Why The Texans Losing Owen Daniels Isn't As Bad As You Think

For most teams, a season-ending injury to arguably the NFL's best receiving tight end would be considered a devastating loss.

But to the Texans, the absence of Owen Daniels may not be all that significant.

Sure, Sunday's come-from-behind, 31-10 romp over Buffalo was tempered with news of Daniels' apparent torn ACL. Yet, at the same time, it's hard to overlook how the Texans (5-3) still managed to post a 21-point road victory - all without Daniels and after handing the Bills (3-5) three moronic turnovers in the first quarter.

Somehow, these Texans appear to have enough talent to survive and flourish - even in spite of the trademark brainfarts and bad luck of the Gary Kubiak era.

"Through adversity, teams get stronger, or they can go the other way," said Kubiak, according to a post-game quotes release from the team. "They went and regrouped and played a tremendous second half."

The offense didn't skip a beat without Daniels, largely because they had a stable of suitable replacements. While Daniels is listed as a tight end, the Texans have had their most success this season when spreading the field and using him as a virtual wide receiver - where his productivity and skills are still good, but certainly replaceable.

In addition, it could be argued that the Texans' most successful run plays this year (before Sunday) also came out of the spread, when defenses were so concerned with the pass that Steve Slaton and Ryan Moats slithered through gaps.

So what does that mean, in the context of losing Daniels? Well, what makes Daniels unique is his receiving skill-set in a tight end's body. But with the way he was used by the Texans this season, his size and ability to block were often irrelevant.

That also makes him easier to replace. Sure, the Texans have underrated veteran tight end Joel Dreessen as well as former Rice standout James Casey, who caught two passes on Sunday in Daniels' absence and will undoubtedly play on a more frequent basis.

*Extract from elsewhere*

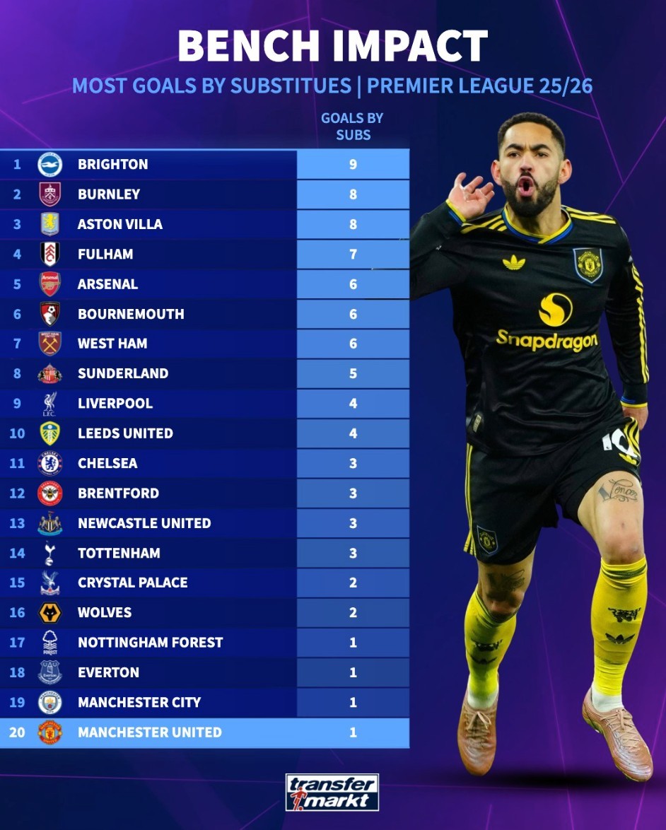 本賽季英超球隊(duì)替補(bǔ)進(jìn)球榜:布萊頓9球第1,曼城、曼聯(lián)1球墊底

But because of how Daniels was used, the Texans should be able to fill his role in a number of sets with the diminutive, sure-handed David Anderson, as well as the explosive Jacoby Jones.

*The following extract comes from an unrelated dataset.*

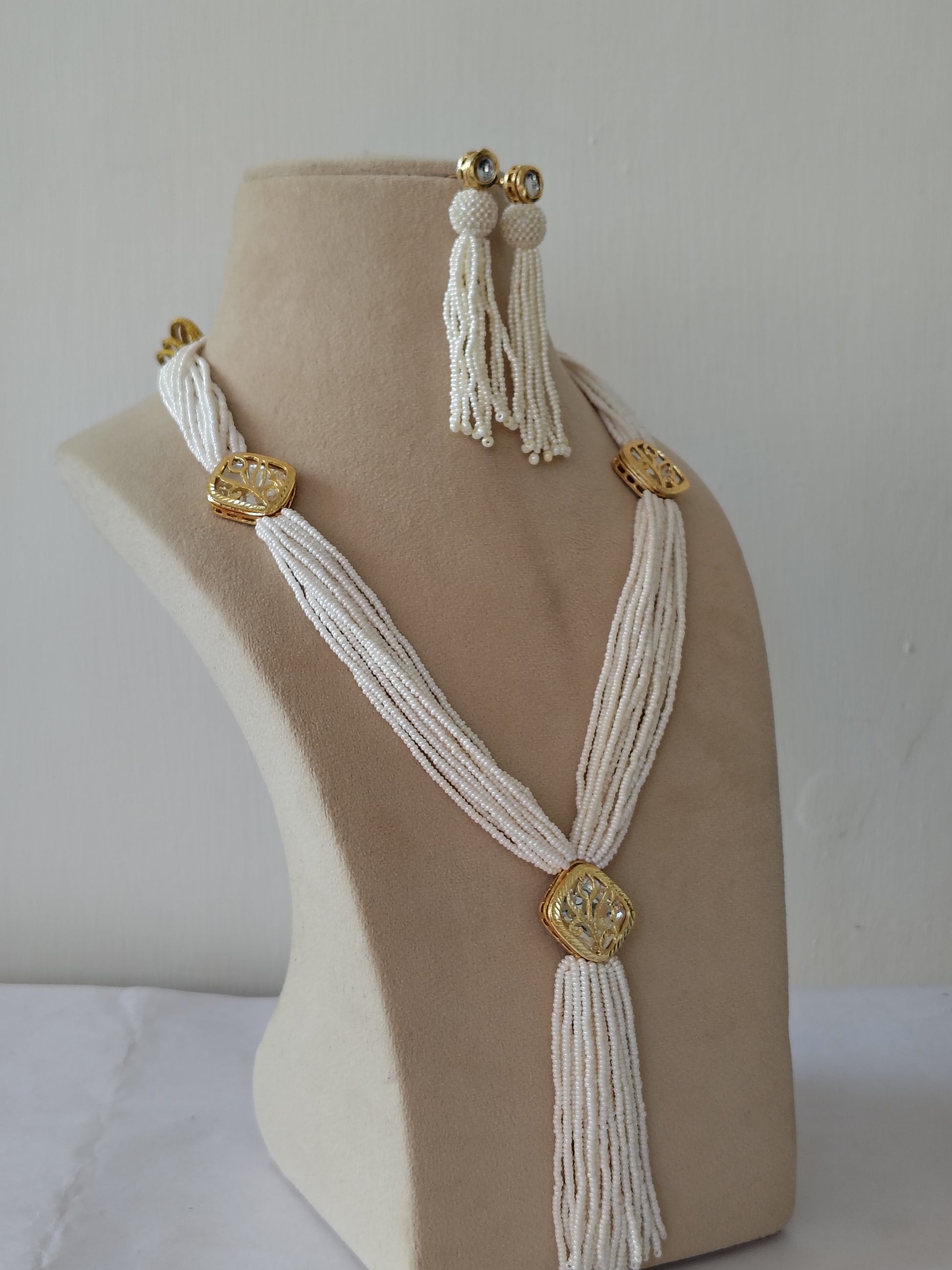 Imperial White Pearl Tassel & Gold Filigree Set & Matching Earrings

Anderson had three catches for 51 yards Sunday, including a 27-yard catch-and-run to bail the Texans out on a crucial third-and-long in the second quarter when the offense was struggling. Meanwhile, Jones picked up 17 yards on a reverse on the opening drive, then hauled in a 36-yard pass in the third quarter to set up a field goal.

Believe it or not, these aren't the Houston Texans of their entire existence. This group appears to have the depth to survive the adversity of an NFL season. When Daniels went down, Anderson, Jones and Casey all stepped into increased roles on the road and succeeded. When Slaton gave away his league-leading fifth fumble, Moats came in and rushed 23 times for 126 yards and three touchdowns.

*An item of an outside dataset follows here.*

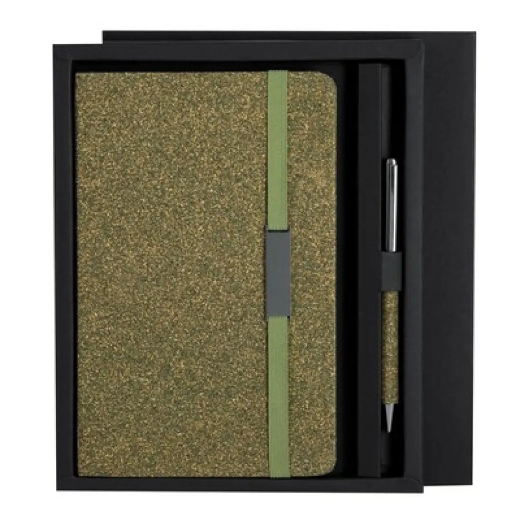 Gift set, features notebook approx. A5 size with 80 lined sheets with an extra elastic band closure, ball pen writes in blue, hard cover of the notebook and ball pen barrel are made from repurposed tea fibre, black gift box included

It seems likely that Slaton will get another chance in Sunday's huge game against the undefeated Colts, based largely on his big-play ability. But if he falters, the Texans learned Sunday that they have a very suitable alternative in Moats.

Truth be told, Slaton's biggest success in 2009 hasn't been as a running back, where he's carried for only 3.1 yards per attempt and two touchdowns. It's been as a receiver, where he's had more than 300 yards and three touchdowns on nearly 11 yards per catch.

So if his fumbles prove too problematic to remain an every-down back, Kubiak could potentially toy with Slaton as a slot receiver - much the way New Orleans uses Reggie Bush, and perhaps picking up some of the slack in the absence of Daniels.

Even so, Daniels' 40 catches, 519 yards and five touchdowns in seven games will certainly be missed. But for once, the Texans are bigger than merely a collection of individual star pieces.

This is a cohesive and dynamic offensive unit, whose 439 yards without Daniels on Sunday pushed the season average to 374 yards per game, ranking eighth in the league.

Behind that and a rapidly improving defense, the Texans now have a winning record at the halfway point for the first time in franchise history. More impressively, the Texans can finally say as late as November that if the season ended today, they would be in the playoffs.

Let that sink in, and enjoy it. For once, the Texans have a group worthy of getting the benefit of the doubt.